D’anciens enfants soldats reçoivent le soutien de l'AED en République Démocratique du Congo
L’organisme international de charité catholique soutient présentement, par le moyen d’une aide d’urgence, plus de 1000 déplacés qui ont fui le groupe rebelle ougandais de l’Armée de Résistance du Seigneur (Lord’s Resistance Army – LRA), durant le raid de leurs villages dans la province du Haut-Uélé, dans le Nord-Est de la RDC.
Depuis maintenant plus de deux ans, la LRA attaquent de plus en plus de villes et de villages, enlevant les enfants et tuant la population sans aucune distinction.
Selon Mgr Julien Mbia, évêque d’Isiro-Niangara qui supervise les efforts pour les réfugiés, les enfants qui ont été enlevés sont particulièrement à risque. « Les garçons sont entraînés pour se battre alors que les filles sont forcées à devenir des esclaves sexuelles. » Le soutien d’urgence assuré par l’AED – un montant de plus de 7000 dollars canadiens – a été envoyé par le bureau britannique de l’organisation et s’inscrit dans le cadre des activités de l’Église catholique de la RDC.
Ce montant permet dès maintenant à Mgr Mbia de nourrir les survivants des attaques des LRA, de donner un abri temporaire et des couvertures à ceux qui ont dû fuir quand leurs huttes ont été brûlées. Ce montant permettra également de fournir des vêtements, alors que les familles déplacées ont dû laisser derrière elles tout ce qu’elles avaient lorsque les LRA ont attaqués, portant peu ou pas du tout de vêtements.

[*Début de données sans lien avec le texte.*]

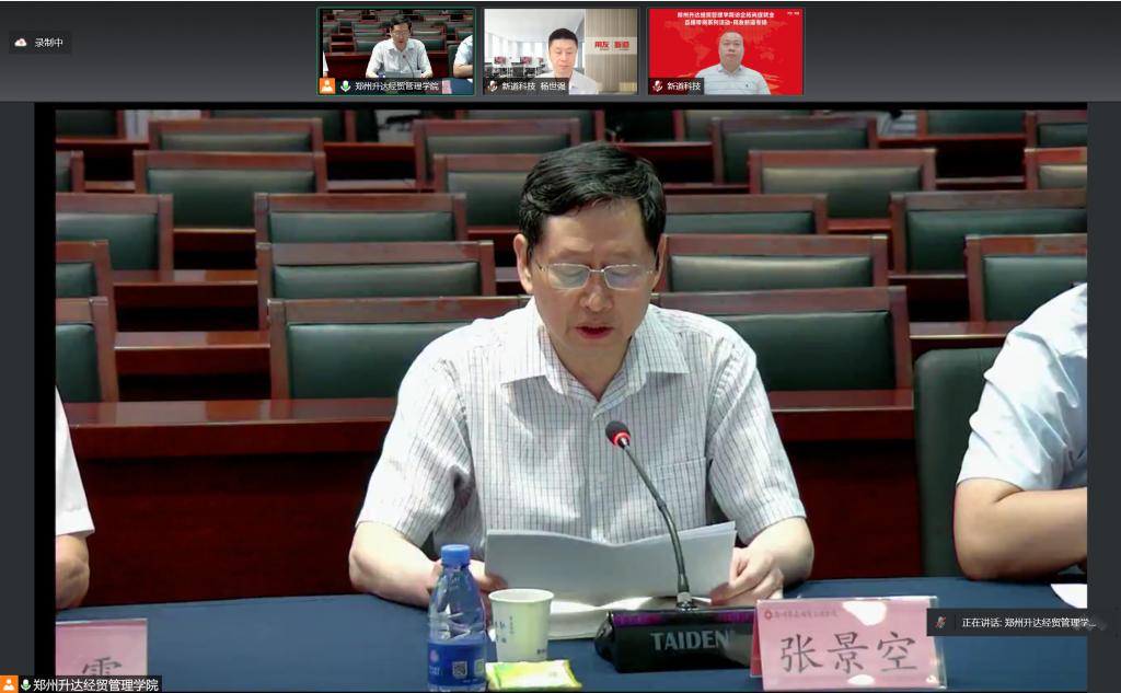 院长张景空教授介绍了太阳网集团tcy8722的发展历史及“品德优、专业强、能吃苦、重实践”的人才培养特色,29年来太阳网集团tcy8722为社会培养了近3万名毕业生,为注册会计师行业培养了360多名注册会计师。希望借助新道科技公司先进的教育技术、行业产业背景优势,在产业学院建设的基础上,校企双方围绕智能会计专业共建、赋能师资培训、共建数智特色课程体系、学生实习实践与就业等方面进行密切合作,推动数字经济新时代背景下我院教育教学改革与产业转型升级的衔接发展,为学生实习、实践、就业搭建平台。

Le programme de Mgr Mbia prévoit également des médicaments pour soigner les blessures de ceux qui ont eu les lèvres et les oreilles coupées durant les attaques des rebelles. « En l’espace de 20 minutes, ils peuvent tout fouiller – ils pillent la nourriture et se saisissent des jeunes », décrit l’évêque.
«Ils sont passés par l’enfer»
L’organisation humanitaire Médecins Sans Frontières rapporte que des patients racontent de nombreuses histoires d’enfants qui ont été forcés de tuer leurs propres parents. « Il est difficile d’imaginer la cruauté de ces jeunes garçons, drogués pour être capables de tuer leur famille », explique Christine du Coudray, responsable de projets pour l’Afrique francophone et le Soudan à l’AED. « S’ils résistent, ils sont tués devant les autres. »
Certains des enfants rescapés ont raconté comment ils ont été forcés de se battre, alors qu’on ne leur donnait qu’un seul repas par jour. Selon Mme du Coudray, cette privation de nourriture est un autre moyen pour garder le contrôle sur les enfants.
Le prêtre missionnaire Combonien Romani Segalini a raconté à l’AED : « Ils sont traumatisés, et plusieurs d’entre eux sont malades. » Le prêtre, prend soins de 22 anciens enfants soldats à la frontière ougandaise ajoute : « Ils sont passés par l’enfer, mais maintenant ils sont avec nous, et nous voulons les aider à trouver un nouvel espoir. » Le plus jeune des enfants que le missionnaire a recueilli est âgé d’à peine 10 ans… « Plusieurs d’entre eux sont blessés; ils nous ont montré leurs cicatrices, les résultats de la violence. Les filles ont toutes été violées. »
Aide à l’Église en Détresse (AED) soutient l’Église de la RDC depuis des années. En 2009, plus de 2 400 000 dollars ont aidé cette Église, particulièrement dans les régions de l’Est du pays, affligée par des violences liées à l’exploitation illégale des ressources naturelles.